[INFORMATION SUPPLIED Boundary: Start]

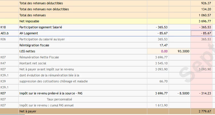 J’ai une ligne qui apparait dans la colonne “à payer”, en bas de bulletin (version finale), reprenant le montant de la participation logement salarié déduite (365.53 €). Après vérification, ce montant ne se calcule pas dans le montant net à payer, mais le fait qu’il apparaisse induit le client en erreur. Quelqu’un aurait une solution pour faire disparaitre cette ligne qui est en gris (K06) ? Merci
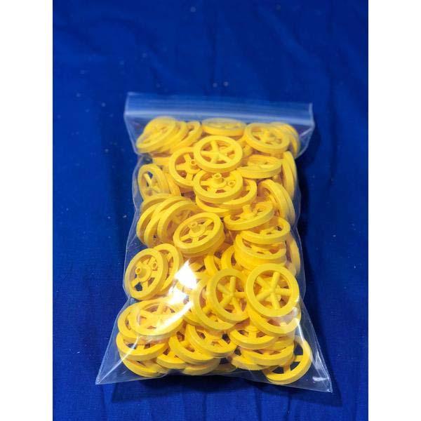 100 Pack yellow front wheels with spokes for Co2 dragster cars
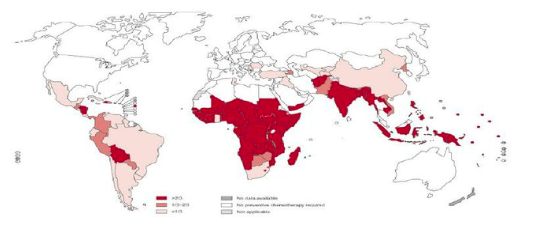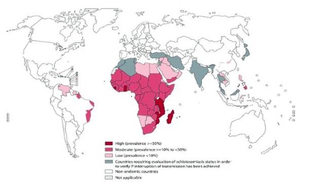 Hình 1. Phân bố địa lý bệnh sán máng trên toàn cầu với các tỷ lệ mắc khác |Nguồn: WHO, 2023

[INFORMATION SUPPLIED Boundary: End]

ABOUT THIS TASK – Leave every picture out and set down exactly the lines running from the one with "100 Pack yellow" to the last line of the material above.

EXERCISE ANSWER –
 100 Pack yellow front wheels with spokes for Co2 dragster cars
 Hình 1. Phân bố địa lý bệnh sán máng trên toàn cầu với các tỷ lệ mắc khác |Nguồn: WHO, 2023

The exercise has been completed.